Your copy should match the records exactly, except that no pictures appear in it.

- - -

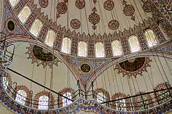 در واقع در بالای مکعب مجموعهای از گنبدها و شبه گنبدها فضا را تسخیر میکنند و به سمت گنبد اصلی اوج میگیرند، گنبد اصلی ۳۳ متر قطر و ۴۳ متر ارتفاع دارد. جلوه نهایی یک هماهنگی بینایی زیباست که چشم را به سمت انتهای گنبد هدایت میکند.
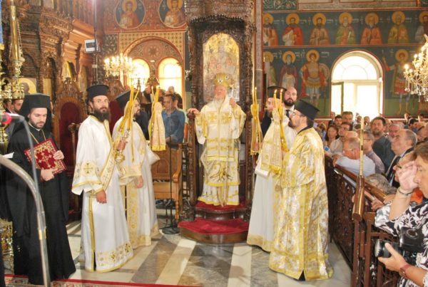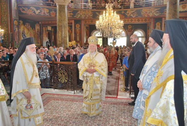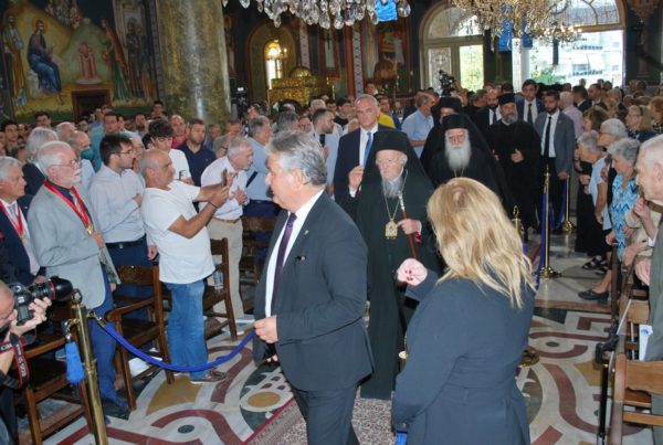 In the Divine Liturgy, which was celebrated with due Byzantine magnificence, both the Municipal Authority of the city, led by the Mayor Mr. Georgios Koutelakis, and political leaders participated. From early on, the Metropolitan Church was packed not only with parishioners of Saint Fotini, but also with faithful believers from other Parishes who went to receive the blessing of the Ecumenical Patriarch.
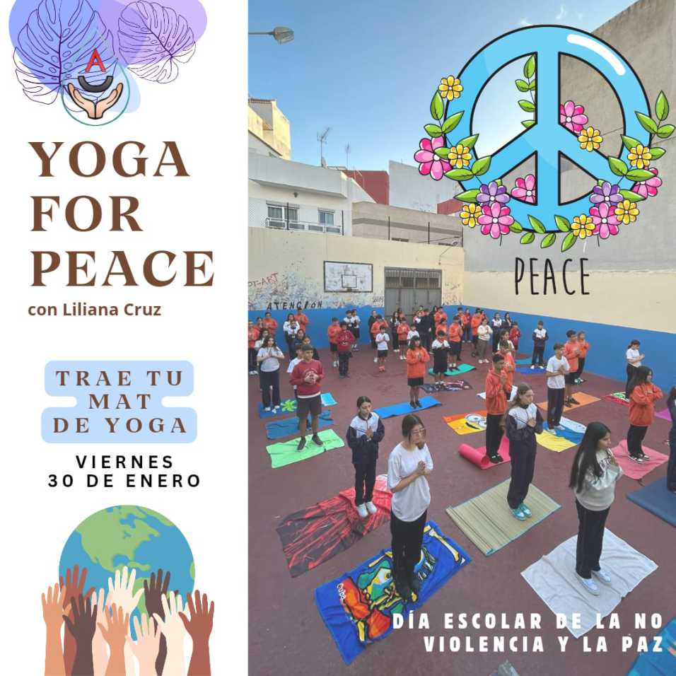 Con motivo del Día Escolar de la No Violencia y la Paz, el próximo viernes 30 de enero el alumnado participará en una práctica de yoga guiada por la profesional Liliana Cruz. Esta actividad se enmarca dentro de las acciones educativas orientadas al desarrollo de la autorregulación emocional, la atención plena y la convivencia positiva, fomentando valores como la empatía, el respeto y la cultura de paz desde una experiencia vivencial. ¡No olvides traer tu esterilla!
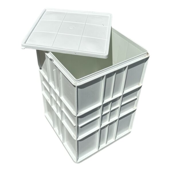 Cutia de branza prevazuta cu capac, dimensiune de 38 cm x 24 cm cu capacitate de 20 litri, fabricata din polietilena alimentara de inalta densitate, oferinta maxima protectie atat branzei cat si altor alimente in timpul depozitarii lor. Aceasta cutie de branza cu 20L capacitate are culoarea alba, este usoara, capacul cu care este prevazuta etanseaza foarte bine si rezista fara probleme la temperaturi scazute. Cutia pentru depozitare branza asigura un transport usor, fara griji. Mai mult decat atat, Cutia pentru branza poate fi curatata usor cu orice fel de detergent pentru vase.
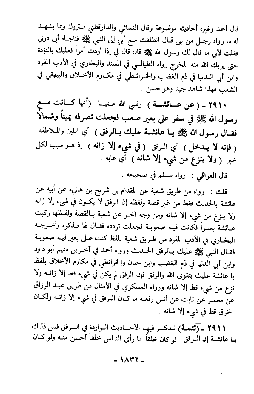 2911 - (تتمة) نذكر فيها الأحاديث الواردة في الرفق فمن ذلك يا عائشة إن الرفق لو كان خلقاً مما رأى الناس خلقا أحسن منه ولو كان
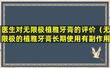 无限极(Infinitus)是一家中国的健康产品公司,其产品包括植雅牙膏。关于植雅牙膏长期使用的副作用,目前没有公开的科学研究或官方声明指出该产品有长期使用的副作用。

- - -

SOLUTION BELOW —
 در واقع در بالای مکعب مجموعهای از گنبدها و شبه گنبدها فضا را تسخیر میکنند و به سمت گنبد اصلی اوج میگیرند، گنبد اصلی ۳۳ متر قطر و ۴۳ متر ارتفاع دارد. جلوه نهایی یک هماهنگی بینایی زیباست که چشم را به سمت انتهای گنبد هدایت میکند.
 In the Divine Liturgy, which was celebrated with due Byzantine magnificence, both the Municipal Authority of the city, led by the Mayor Mr. Georgios Koutelakis, and political leaders participated. From early on, the Metropolitan Church was packed not only with parishioners of Saint Fotini, but also with faithful believers from other Parishes who went to receive the blessing of the Ecumenical Patriarch.
 Con motivo del Día Escolar de la No Violencia y la Paz, el próximo viernes 30 de enero el alumnado participará en una práctica de yoga guiada por la profesional Liliana Cruz. Esta actividad se enmarca dentro de las acciones educativas orientadas al desarrollo de la autorregulación emocional, la atención plena y la convivencia positiva, fomentando valores como la empatía, el respeto y la cultura de paz desde una experiencia vivencial. ¡No olvides traer tu esterilla!
 Cutia de branza prevazuta cu capac, dimensiune de 38 cm x 24 cm cu capacitate de 20 litri, fabricata din polietilena alimentara de inalta densitate, oferinta maxima protectie atat branzei cat si altor alimente in timpul depozitarii lor. Aceasta cutie de branza cu 20L capacitate are culoarea alba, este usoara, capacul cu care este prevazuta etanseaza foarte bine si rezista fara probleme la temperaturi scazute. Cutia pentru depozitare branza asigura un transport usor, fara griji. Mai mult decat atat, Cutia pentru branza poate fi curatata usor cu orice fel de detergent pentru vase.
 2911 - (تتمة) نذكر فيها الأحاديث الواردة في الرفق فمن ذلك يا عائشة إن الرفق لو كان خلقاً مما رأى الناس خلقا أحسن منه ولو كان
 无限极(Infinitus)是一家中国的健康产品公司,其产品包括植雅牙膏。关于植雅牙膏长期使用的副作用,目前没有公开的科学研究或官方声明指出该产品有长期使用的副作用。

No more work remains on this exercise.